Frankly, Judy doesn’t notice it until it bludgeons her over the head. She’s resting on her bed, chewing through a fairly disappointing turnip and mainlining Netflix when she stumbles across “Robin Hood”. The old version, with Brian Bedford as Robin and Monica Evans as Marian. Judy hasn’t seen it since she was a kid, and even then her parents weren’t too happy about letting her see it, though they made all the right noises about tolerance and how good foxes were at entertaining, it was nice they had that avenue to make money, though God knows how many tranquilizers the movie studios needed to keep on hand to keep them docile…

 

Her parents were actually sorta kinda _really prejudiced_ , Judy’s coming to realize, and with that she looks down and notices that she’s actually gnawing on the turnip _stem_. With a noise of disgust, she stretches to fling it away and that’s when she hears the line: "Remember me? We were kids together. Will you marry me?" 

 

Judy chokes on her own spit and nearly falls off the bed. She comes up coughing, eyes streaming, whacking herself hard in the chest to try to swallow the realization she’s just cottoned to: _she’s in love with Nick. Holy **shit**. She’s in so much trouble now. _

Because she is Judy, she decides to try to deal with the realization by running away from it. 

 

No, literally. As in, she straps on her Reeboks and she goes for a  _run_ , outside, in the cool night air. 

 

This is where some of her best thinking gets done, late at night--really, early in the morning--when Zootopia is at its quietest. It's never really  **quiet** \--there are always food truck deliveries and seagulls and night construction--but in the cool pre-dawn hours, she can pretend like she's back in the fields of home, like the sidewalks are rows that stretch out forever, like the horizon is just a suggestion. Chewing on a problem or a stubbornly resistant investigation, Judy has looked up from her running before and realized she's gone all the way out to the outer suburbs, that she's past the public transit cutoff, that she doesn't even know where she is. Crucially, though, she always gets back with an answer, with clarity, with purpose, with--

 

"LOOKOUT!" 

 

Judy goes tumbling ass over teakettle in a tumble of limbs and earbud cord and Nick and--wait. 

 

_"Nick?!??"_

 

He's getting up, shaking dust out of his fur, reaching for her elbows. "Are you alright?" 

 

Jesus. She hasn't even made it to the end of her block before running smack dab into the problem she was trying to run away from. "I'm fine," she says, a little snappier than she intends to.

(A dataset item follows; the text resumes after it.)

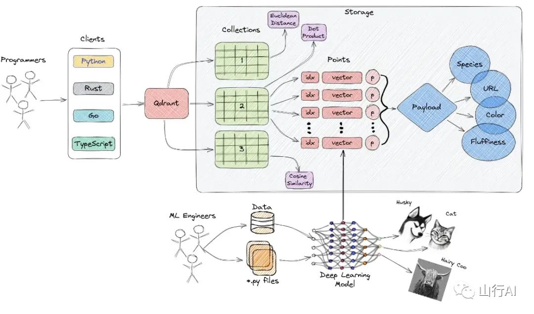 Qdrant[1]是一个专业的矢量相似度搜索引擎,旨在通过用户友好的API提供一种供生产使用的服务。它便于存储、搜索和管理点(向量),以及附加的有效载荷。这些有效载荷作为补充信息,提高搜索的精确性,并向用户提供有价值的数据。 使用Qdrant非常简单。您可以使用Python qdrant-client,访问最新的Qdrant Docker镜像并建立本地连接,或者在准备好进行全面过渡之前,探索Qdrant的云免费套餐选项。

Then, softer, "I'm fine." His eyes are--well, they're  _Nick's_ , and he smells better than she had even remembered. "What are you doing here, anyway?"

 

"Came to see you," he says. 

 

Judy blinks. "At three in the morning?" 

 

"I know, I know, the jogging hour," says Nick. "What are you doing out?"

 

"I had a.... problem," Judy says lamely, and notices with a little swell of--something--how even before she reaches the end of the word "problem", his sharp black-rimmed ears have swiveled forward to full alertness. 

 

"Problem, where, what's the problem? How can I help?"

 

"No," says Judy, "It's ok. Not a bad problem. Just something I needed to work out. It's not important. What were you coming by for, anyway?"

 

Nick looks sheepish. "Couldn't sleep?" He hoists a plastic bag, dropped in the collision. Judy sees the outline of a couple pints of gelato. "One pint lavender turnip, one pint tumeric egg yolk?" 

 

Her stomach flips. "Sure." 

 

They start walking, slowly, towards her apartment. Nick's acting weird--every time her fur brushes his elbow, he shies away, but then he comes right back, invading her space a little. It's nice. He's wearing one of his nice shirts, too--chambray cotton, in a chocolate color that sets off his eyes. Judy is suddenly very aware of how sweaty and disheveled she must look. 

 

"Look, Nick--"

 

"--Judy--"

 

"No, you go first."

 

"No, you."

 

"Um, I've been thinking, and I'm not sure if I'm just maybe misreading this, but I had a thought, and it was maybe a thought that I wasn't sure if you shared or not, which I'm pretty sure it couldn't be unless you're as crazy as me, which obviously you aren't, I mean who goes jogging at three A--"

 

His kiss interrupts her, soft and yet insistent all at the same time, his arms coming up to cage her sweaty body between himself and the brick wall of her apartment building, her body relaxing and melting into his as he deepens the kiss, nips at her once, twice, then lets her go, his eyes searching hers as he pulls away. 

 

" _You_ go jogging at three A.M.," he says. "I  _know_ you." 

 

 


	2. Stranger Things

Stranger Things

 

The first time he meets Joyce Byers, it’s like a sparkler gets lit off in his gut and his balls all at once. His partner, because he still had a partner at that point, wasn’t yet sheriff, doesn’t seem to notice Joyce, which Hop thinks is weird. If you had a woman that good-looking—that dark and shy and slim, with eyes like a startled doe and an ass like a teenage boy—if you had a woman _that_ good-looking working in _your_ Ace Hardware, wouldn’t you notice? The second time he meets Joyce Byers, he gives her his number. She calls him at home that night. As soon as she establishes she’s got the right number, she asks him the question that he remembers, nightly, for the next eight years.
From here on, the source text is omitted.